BEGIN Source material

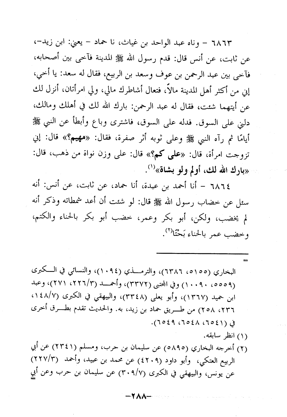 6863- وحَدَّثناه عبد الواحد بن غياث، حَدَّثنا حَمَّادٌ، يَعْنِي ابْنَ زَيْدٍ، عَنْ ثابتٍ، عَن أَنَسٍ، قَالَ: قَدِمَ رَسُولُ اللَّهِ صَلَّى اللَّهُ عَلَيه وَسَلَّم الْمَدِينَةَ فَآخَى بَيْنَ أَصْحَابِهِ فَآخَى بَيْنَ عَبْدِ الرَّحْمَنِ بْنِ عَوْفٍ وَسَعْدِ بْنِ الربيع فقال له سعد: ياأخي إِنِّي مِنْ أَكْثَرِ أَهْلِ الْمَدِينَةِ مَالًا فَتَعَالَ أُشَاطِرُكَ مَالِي وَلِي امْرَأَتَانِ أَنْزِلُ لَكَ عَنْ أَيَّتِهِمَا شِئْتَ فَقَالَ لَهُ عَبْدُ الرَّحْمَنِ: بَارَكَ اللَّهُ لَكَ فِي أَهْلِكَ وَمَالِكَ دُلَّنِي عَلَى السُّوقِ فَدَلَّهُ عَلَى السُّوقِ فَاشْتَرَى وَبَاعَ وَأَبْطَأَ، عَن النَّبِيّ صَلَّى اللَّهُ عَلَيه وَسَلَّم أَيَّامًا، ثُمَّ رَآهُ النَّبِيّ صَلَّى اللَّهُ عَلَيه وَسَلَّم وعلى ثوبه صُفْرَةٍ فَقَالَ: مَهْيَمَ؟ قَالَ: إِنِّي تَزَوَّجْتُ امْرَأَةً قَالَ: عَلَى كَمْ؟ قَالَ: عَلَى وَزْنِ نَوَاةٍ مِنْ ذَهَبٍ قَالَ: بَارَكَ اللَّهُ لَكَ أَوْلِمْ، ولو بشاة.
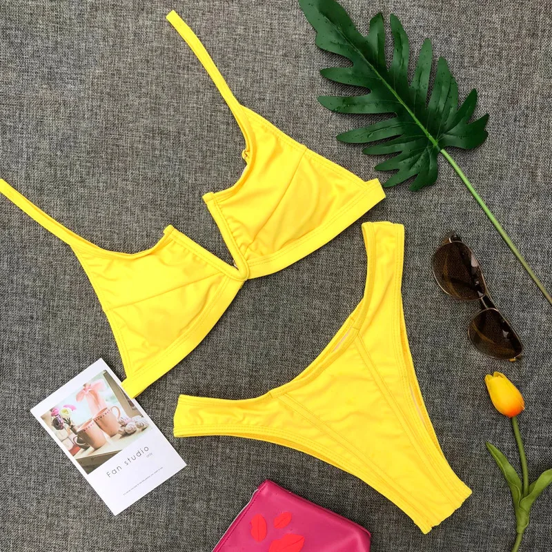 Соблазнительный однотонный Желтый комплект бикини 2022, женский бюс...
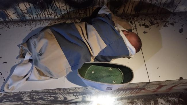 "Saat ditemukan, bayi diselimuti jilbab warna putih dan dibalut sweatshirt kombinasi warna abu-abu dan krem. Selain itu didekatnya terdapat kopiah warna putih," ucapnya.
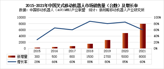 图表:2015-2021年中国叉式移动机器人市场销售量(台数)及增长率
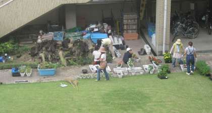 今日は学校支援ボランティアの方に来ていただきました。プランタに花を植えていただき、『希望の泉』の周りに並べていただきました。おかげで『希望の泉』の周りが美しくなりました。ボランティアの皆様、ありがとうございました。
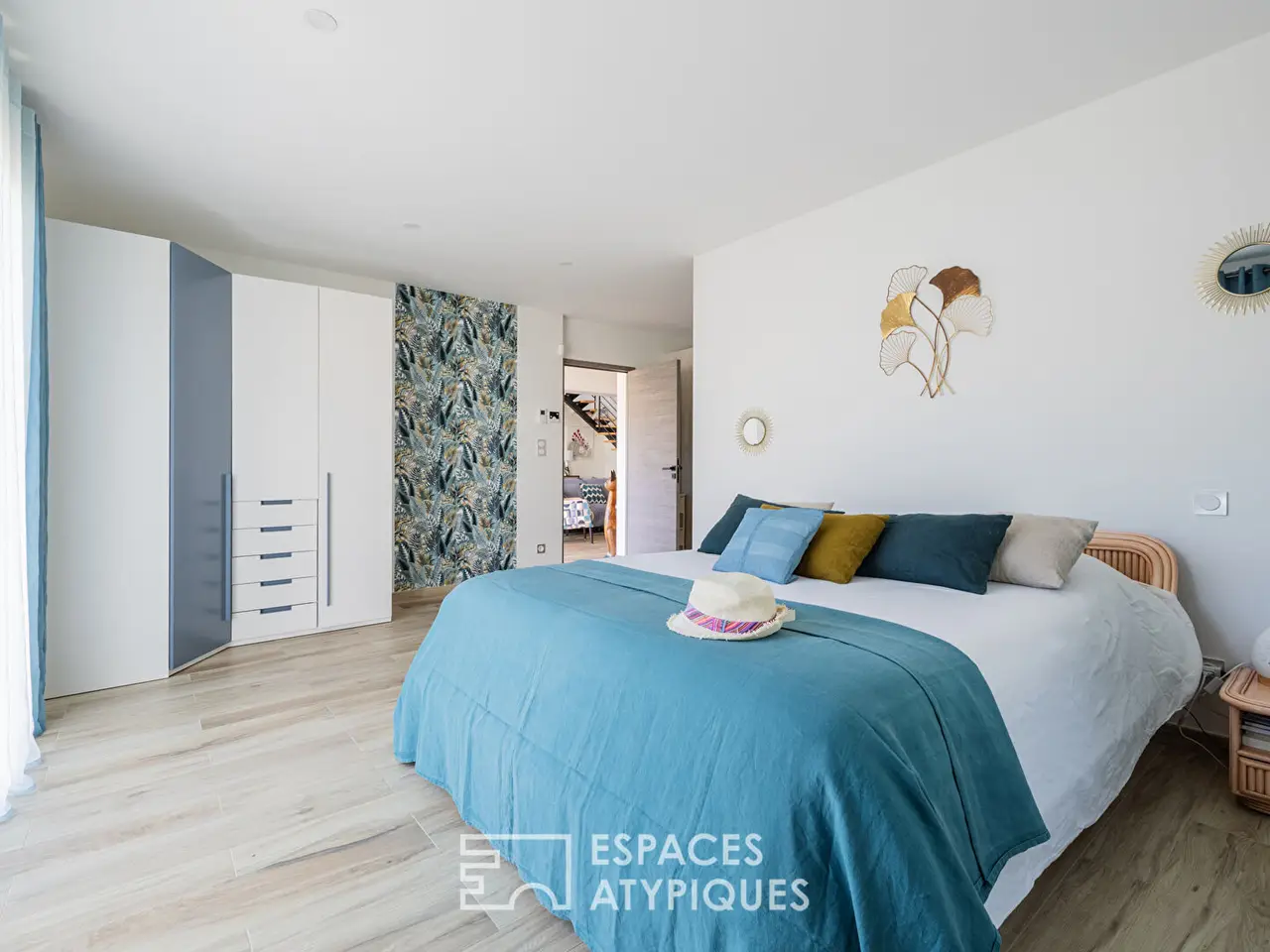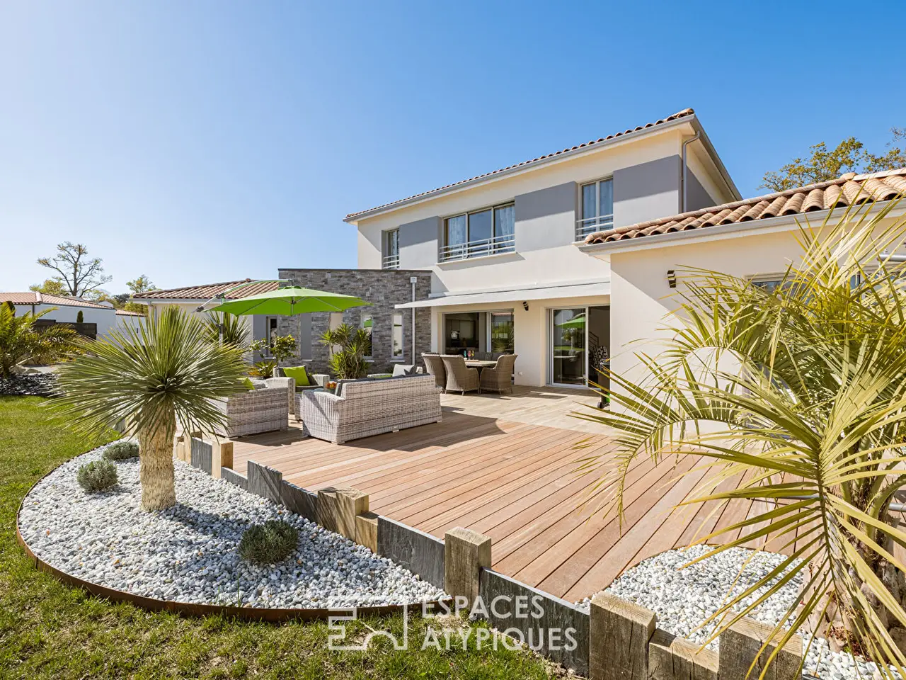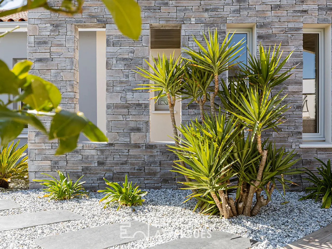EXCLUSIVE ATYPICAL SPACESLocated in a privileged environment in Les Mathes-La Palmyre, this contemporary villa of approximately 192m2, completed at the end of 2023, is spread over a plot of more than 1000m2 within a luxury private residence comprising only seven properties. It benefits from a seaside resort open to the Atlantic, renowned for its fine sandy beaches lined with maritime pines and the 8000 hectares of the La Coubre forest, a permanent invitation to relax, swim, and escape into nature.Upon entering, a reception dressing room and guest toilet set the tone. The custom-made kitchen, designed by MOBALPA, seduces with its central island, the true heart of the home where lively conversations and culinary moments mingle. A utility room-pantry and a separate laundry room with direct access to the garage complete this functional space. The living room, with an area of approximately 64 m2, facing south-east, bathed in light thanks to its large bay windows, offers a pleasant atmosphere.Its dining area extends the indoor-outdoor atmosphere from the first rays of the sun. The master suite, facing the terrace, offers a real cocoon with its large dressing room and spacious private bathroom, complete with integrated toilet. Finally, an office, easily transformed into a bedroom, opens onto a terrace, revealing interesting development prospects. The staircase rises lightly to reveal, upstairs, a living space with a view overlooking the garden and its terrace below, converted into a lounge-library area. This sleeping area includes two comfortable bedrooms, one of which is a suite.The first has a closet-dressing room, while the second offers a real relaxation area with a living room equipped with a convertible sofa, completed by a bedroom with a dressing room.An elegantly designed shared bathroom serves these two bedrooms and is accompanied by a separate toilet for added comfort. Ideally located in the heart of a carefully landscaped setting, where plants, borders and creations skillfully blend wood and slate, it extends towards an elegant terrace ready to accommodate a jacuzzi, a spa (arrivals pending) or even a swimming pool, the plot being buildable. In fine weather, a summer lounge and a dining area are installed under the awning, offering a friendly and refined setting. Equipped with the latest technologies and a home automation system including heated floors, it offers absolute comfort.An elegant and soothing place, sheltered from the hustle and bustle, located just 1 km from La Palmyre beach and 1.5 km from the market and shops.Whether as a primary or secondary residence, this villa reveals a privileged living environment, where serenity and the sweetness of life take on their full meaning.ENERGY CLASS: A / CLIMATE CLASS: A. Estimated average amount of annual energy expenditure for standard use, established from 2021 energy prices: between EUR520 and EUR750.REF. EALR2169Additional information* 6 rooms* 4 bedrooms* 1 bathroom* 1 bathroom* 1 floor in the building* Outdoor space : 1000 SQM* Parking : 1 parking space* Property tax : 1 318 €Energy Performance CertificatePrimary energy consumptiona : 42 kWh/m2.yearHigh performance housing*42kWh/m2.year1*kg CO2/m2.yearA*B*C*D*E*F*GExtremely poor housing performance* Of which greenhouse gas emissionsa : 1 kg CO2/m2.yearLow CO2 emissions*1kg CO2/m2.yearA*B*C*D*E*F*GVery high CO2 emissionsEstimated average amount of annual energy expenditure for standard use, established from energy prices for

END Source material

While skipping the pictures, transcribe the data above from the line showing "ditemukan, bayi diselimuti" through the line showing "今日は学校支援ボランティアの", exactly and with both ends.

_Result for this task_:
 "Saat ditemukan, bayi diselimuti jilbab warna putih dan dibalut sweatshirt kombinasi warna abu-abu dan krem. Selain itu didekatnya terdapat kopiah warna putih," ucapnya.
 图表:2015-2021年中国叉式移动机器人市场销售量(台数)及增长率
 今日は学校支援ボランティアの方に来ていただきました。プランタに花を植えていただき、『希望の泉』の周りに並べていただきました。おかげで『希望の泉』の周りが美しくなりました。ボランティアの皆様、ありがとうございました。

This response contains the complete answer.